The reply should reproduce every line of the data below word for word, minus any images.

## Collected data
________________________________________
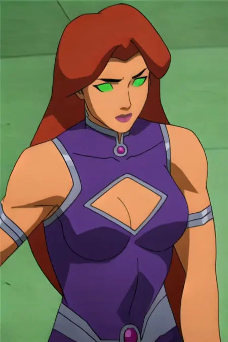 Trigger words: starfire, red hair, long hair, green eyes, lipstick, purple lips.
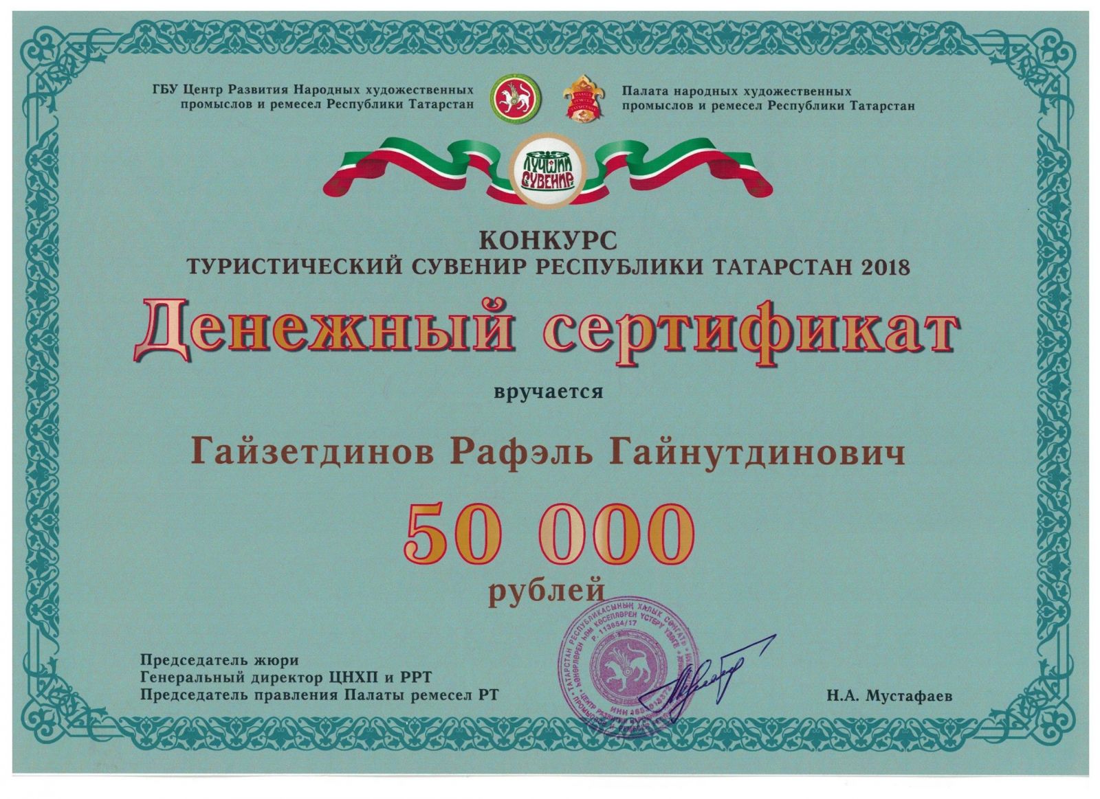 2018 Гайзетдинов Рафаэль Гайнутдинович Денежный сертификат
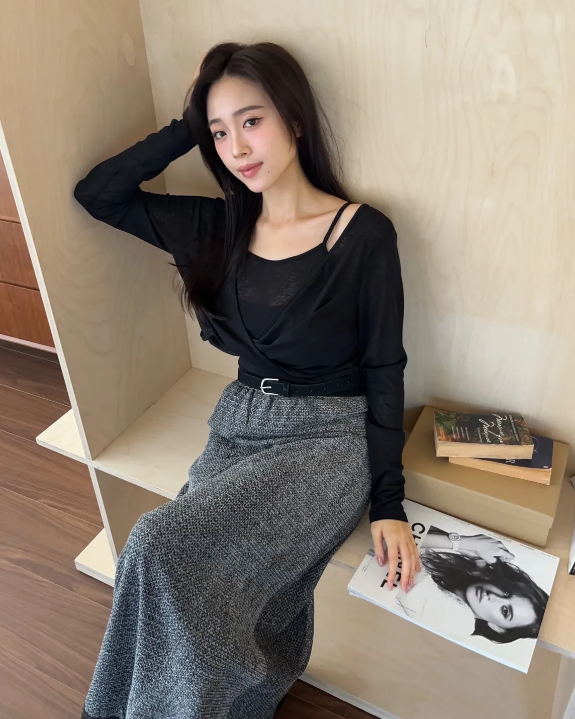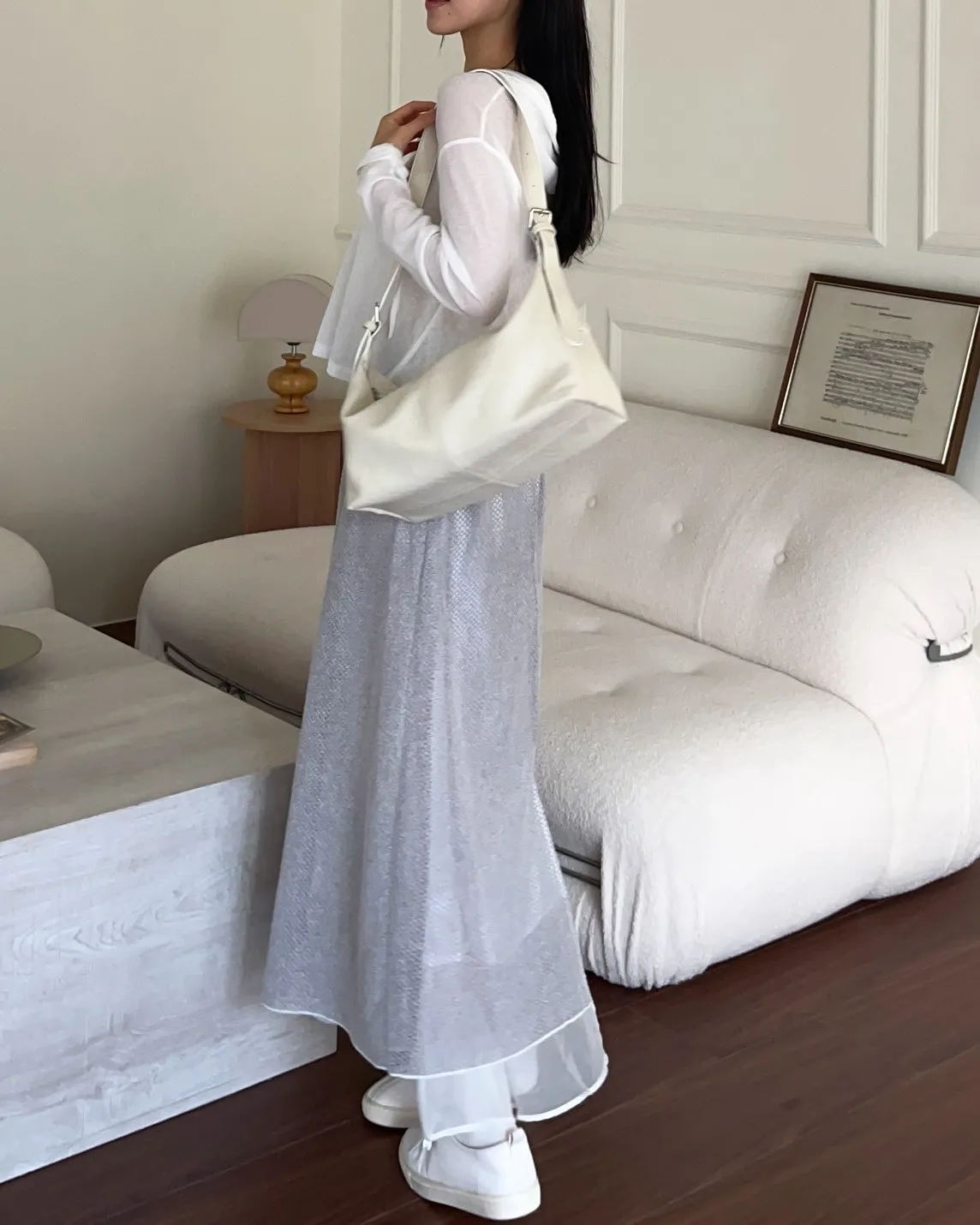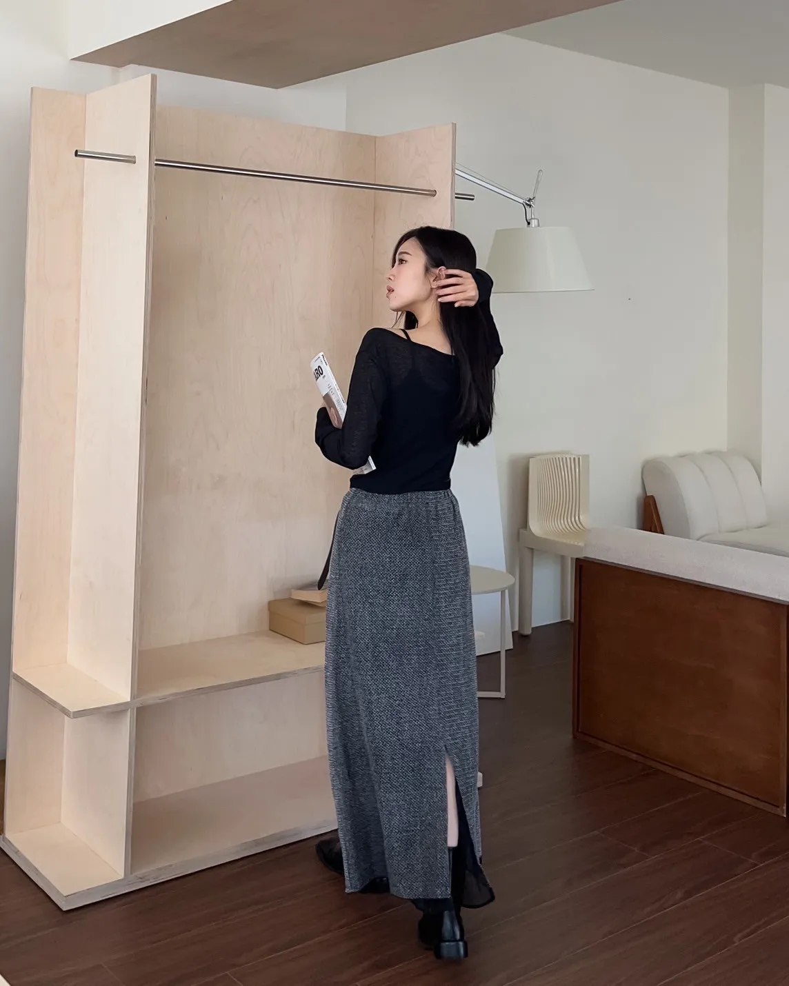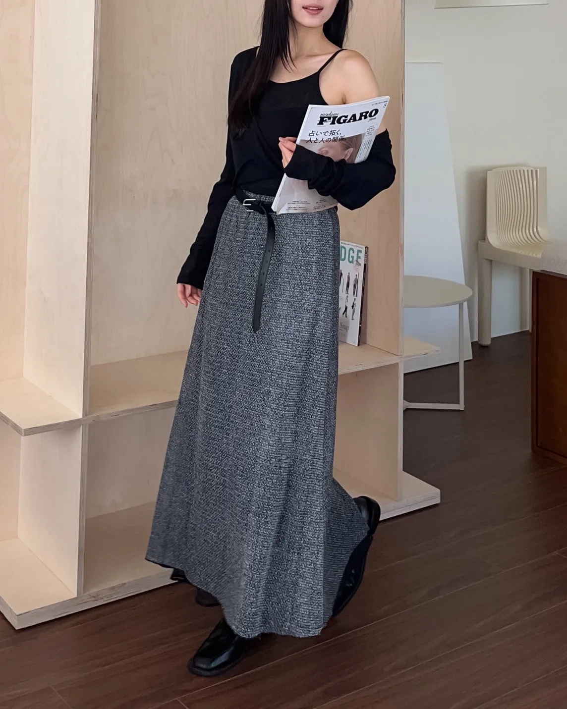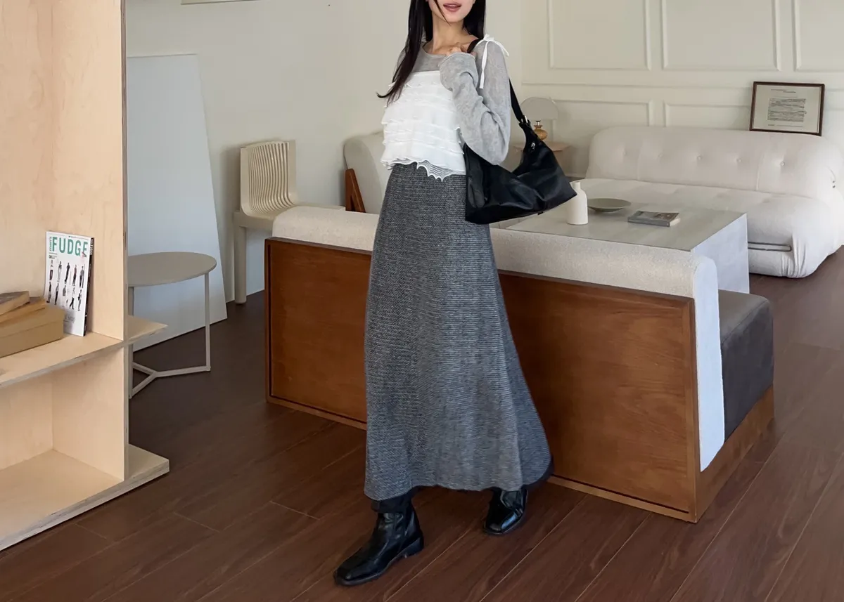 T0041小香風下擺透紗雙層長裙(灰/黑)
________________________________________
## Response to this exercise
 Trigger words: starfire, red hair, long hair, green eyes, lipstick, purple lips.
 2018 Гайзетдинов Рафаэль Гайнутдинович Денежный сертификат
 T0041小香風下擺透紗雙層長裙(灰/黑)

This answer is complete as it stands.